Een certificaat voor een persoonlijke sleutel toevoegen

Als u een certificaat met een persoonlijke sleutel wilt toevoegen aan het vertrouwde basis-CA-archief op de host van de virtuele machine waarop uw standaard logische app wordt uitgevoerd, voert u de volgende stappen uit:

  1. Open uw logische app-resource in Azure Portal. Selecteer in het resourcemenu van de logische app onder Instellingen TLS/SSL-instellingen (klassiek).

  2. Selecteer op de pagina TLS/SSL-instellingen (klassiek) het tabblad Certificaten voor persoonlijke sleutel (.pfx) en selecteer vervolgens Certificaat uploaden.

  3. Zoek en selecteer in het deelvenster Certificaat voor persoonlijke sleutel toevoegen (.pfx) dat wordt geopend het certificaatbestand voor de persoonlijke sleutel (.pfx) en voer het certificaatwachtwoord in. Wanneer u klaar bent, selecteert u Uploaden.

  4. Nadat u het certificaat hebt toegevoegd, kopieert u vanuit de kolom Vingerafdruk de vingerafdrukwaarde van het certificaat.

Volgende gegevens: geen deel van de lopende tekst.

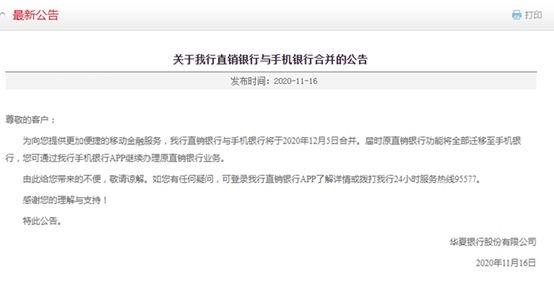 消金界注意到,2020年11月16日,华夏银行在官网发布公告称,2020年12月5日,华将直销银行和手机银行合并,直销银行的功能将全部迁移至手机银行。

    Screenshot showing the Azure portal and Standard logic resource with the following items selected: 'TLS/SSL settings (classic)', 'Private Key Certificates (.pfx)', and 'Upload Certificate'.

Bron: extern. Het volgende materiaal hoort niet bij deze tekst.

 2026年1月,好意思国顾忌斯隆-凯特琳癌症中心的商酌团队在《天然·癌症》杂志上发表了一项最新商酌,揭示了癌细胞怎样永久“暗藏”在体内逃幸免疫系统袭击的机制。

  5. Selecteer Configuratie in het resourcemenu van de logische app.

  6. Selecteer Op het tabblad Toepassingsinstellingen de optie Nieuwe toepassingsinstelling. Voeg een nieuwe toepassingsinstelling toe met de naam WEBSITE_LOAD_CERTIFICATES en voer de vingerafdrukwaarde van het certificaat in die u eerder hebt gekopieerd.

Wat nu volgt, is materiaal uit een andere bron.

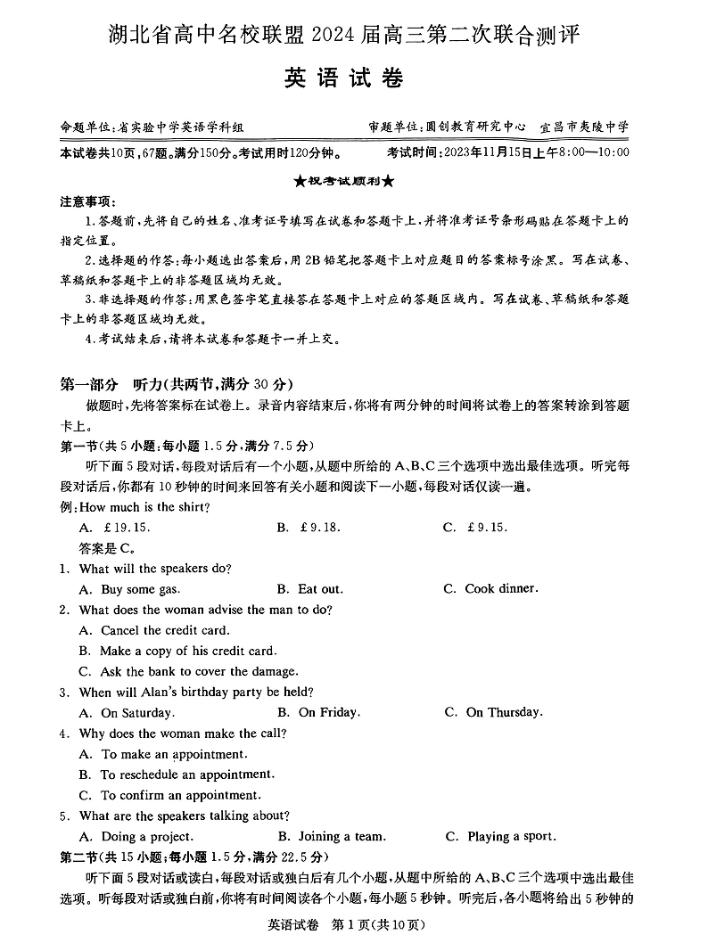 湖北省高中名校联盟2024届高三第二次联合测评 英语

    Zie Host- en app-instellingen bewerken voor Standaard logische apps in Azure Logic Apps met één tenant voor meer informatie.

  7. Als het toegevoegde certificaat niet wordt weergegeven in de lijst met certificaten voor persoonlijke sleutels, selecteert u Vernieuwen op de werkbalk.

  8. Wanneer u een verbinding maakt met behulp van de ingebouwde MQ-connector, selecteert u TLS gebruiken in het verbindingsinformatievak.

  9. Voer in de eigenschap Vingerafdruk van clientcertificaat de eerder gekopieerde vingerafdrukwaarde in voor het certificaat van de persoonlijke sleutel, waarmee verificatie via de serverclient (in twee richtingen) mogelijk is. Als u geen vingerafdrukwaarde invoert, gebruikt de connector alleen serververificatie (eenrichtingsverificatie).

    Screenshot showing Standard logic app workflow designer, MQ built-in connection box with 'Use TLS' option selected and the 'Client Cert Thumbprint' property with private key certificate thumbprint entered.

Problemen oplossen

Fouten met bladeren of ontvangen acties

Als u een blader- of ontvangstactie uitvoert in een lege wachtrij, mislukt de actie met de volgende headeruitvoer:

Screenshot showing the MQ

problemen met Verbinding maken ion en verificatie

Wanneer uw werkstroom gebruikmaakt van de door MQ beheerde connector om verbinding te maken met uw on-premises MQ-server, krijgt u mogelijk de volgende fout:

"MQ: Could not Connect the Queue Manager '<queue-manager-name>': The Server was expecting an SSL connection."

  • De MQ-server moet een certificaat opgeven dat is uitgegeven door een vertrouwde certificeringsinstantie.

  • Voor de MQ-server moet u de coderingsspecificatie definiëren die moet worden gebruikt met TLS-verbindingen. Voor beveiligingsdoeleinden en om de beste beveiligingssuites op te nemen, verzendt het Windows-besturingssysteem echter een set ondersteunde coderingsspecificaties.

    Het besturingssysteem waarop de MQ-server wordt uitgevoerd, kiest de suites die moeten worden gebruikt. Als u de configuratie wilt vergelijken, moet u de configuratie van de MQ-server zo wijzigen dat de coderingsspecificatie overeenkomt met de optie die is gekozen in de TLS-onderhandeling.

    Wanneer u verbinding probeert te maken, registreert de MQ-server een gebeurtenisbericht dat de verbindingspoging is mislukt omdat de MQ-server de onjuiste coderingsspecificatie heeft gekozen. Het gebeurtenisbericht bevat de coderingsspecificatie die de MQ-server in de lijst heeft gekozen. Werk in de configuratie van het serververbindingskanaal de coderingsspecificatie bij zodat deze overeenkomt met de coderingsspecificatie in het gebeurtenisbericht.